CPPs rarely occur in the pituitary fossa and sellar/suprasellar region. To our knowledge, only five cases have been reported in the English-language literature, including our case491117).
In Table 1 we summarize the important features of previously reported cases. The case reported by Winer et al.18) was excluded from this table because of the possibility that the tumor arose in the third ventricle and extended downwards into the sella.
The exact mechanism by which CPPs arise in extraventricular sites remains unclear and is subject to some controversy. Most extraventricular CPPs are located at the cerebellopontine angle (CPA). Tumors in this location can result from herniation of the tumor through the foramen of Luschka or from de novo development in the choroid plexus lying outside the fourth ventricle at the CPA, referred to as Bochdaleck's flower basket48).
Two hypotheses have been suggested for the origins of extraventricular intraparenchymal CPPs by Azzam and Timperley1) : first, that they might arise from primitive ectopic choroid plexus in the extraventricular site and second, that they may develop from epithelial tissue that migrated to extraventricular areas during brain development. In our case, neuroimaging and operative findings clearly showed that the CPP was not attached to the ventricular choroid plexus and had not metastasized from another CPP. Therefore, we infer that the CPP of the sellar region in our case arose from ectopic choroid plexus tissue as in the cases reported by Bian et al.4), Ma et al.11), and Sameshima et al.17).

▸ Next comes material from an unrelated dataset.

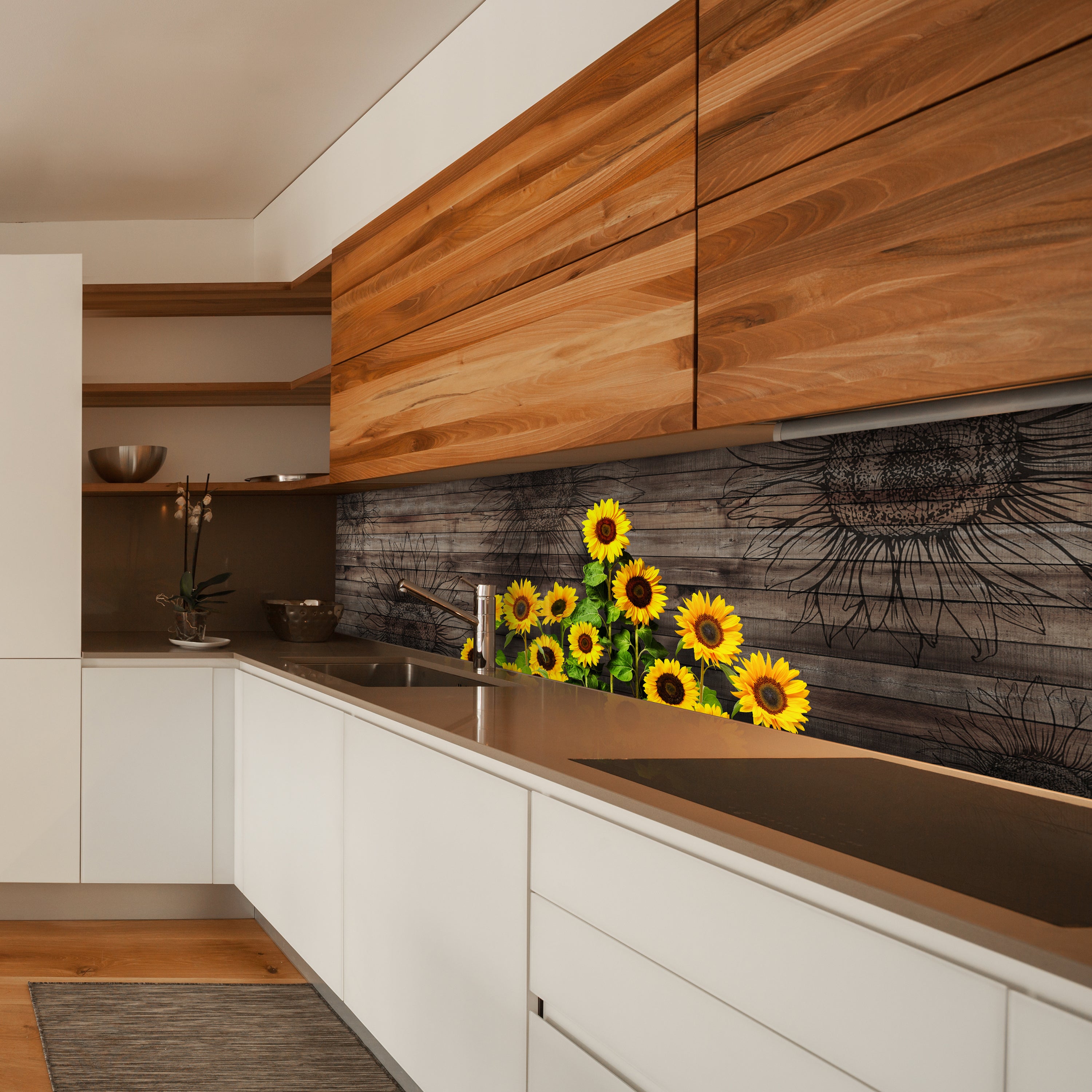 Bist Du es leid, auf die langweiligen, schwer zu reinigende Fliesen in Deiner Küche zu schauen? Stell Dir vor, wie Deine Küche mit einer stilvollen, modernen Rückwand zum Leben erwacht! Unsere Küchenrückwand 'Sonnenblumen, Holz' ist nicht nur ein optisches Highlight, sondern auch praktisch und pflegeleicht.

Imaging characteristics were not sufficiently distinct to preoperatively diagnose CPP in our case, similar to other reports41117). CPP typically appears on CT as a well-defined, homogeneous enhancing mass with lobulations and a frond-like irregular pattern, resulting in a cauliflower-like appearance10).

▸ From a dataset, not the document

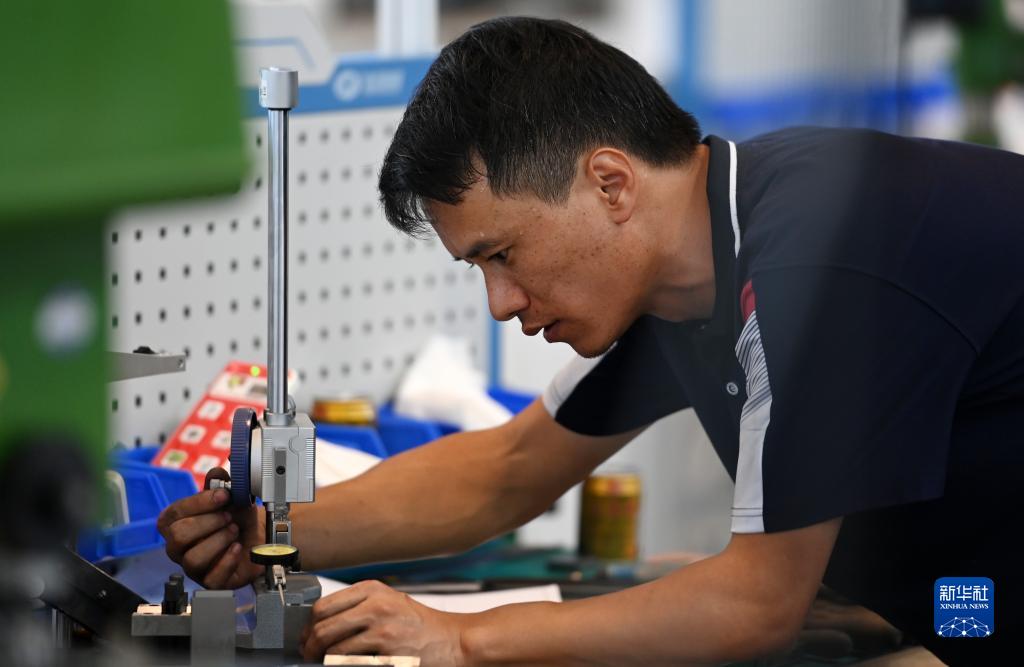 9月17日,參賽選手在參加裝配鉗工項目比賽。

Other reported cases491117) appeared nearly identical; however, our case had completely different neuroimaging characteristics, including parasellar cystic extension and a hyperintense contrast-enhanced nodule. Overall, distinguishing a CPP from a pituitary adenoma or other pathologies is difficult based only on neuroimaging.

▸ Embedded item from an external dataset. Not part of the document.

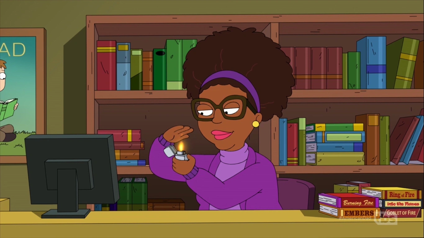 In "Flush After Reading", the family makes note of Francine's trips to the library and speculate on her actual whereabouts. But when Stan's CIA tracker reveal she's actually going to the library he rushes to stop her from becoming a 'nerd'. At the library, Francine greets Jolene who has placed new books in the restroom for her. Meanwhile, Roger and Rogu figure out she's going there to use the restroom and Roger becomes determined to find out why. He manages to locate Francine before Stan does, and uses a power of his to transport them into the books to hide from him.

Complete microsurgical excision of the tumor is the recommended therapy and was achieved in our case using a left-sided pterional approach5). In other cases the most common neurosurgical procedure is an endonasal transsphenoidal approach411)17). The only report of excision via a pterional approach similar to ours is from Kimura et al.9). We chose the pterional approach for two reasons : first, the tumor had marked supra- and parasellar extensions and second, it seemed the only safe means of avoiding the suprasellar internal carotid artery. Except for undifferentiated forms of the tumor, CPP does not metastasize through the cerebrospinal fluid2), so postoperative radiotherapy was not considered in our case, similar to previous reports11).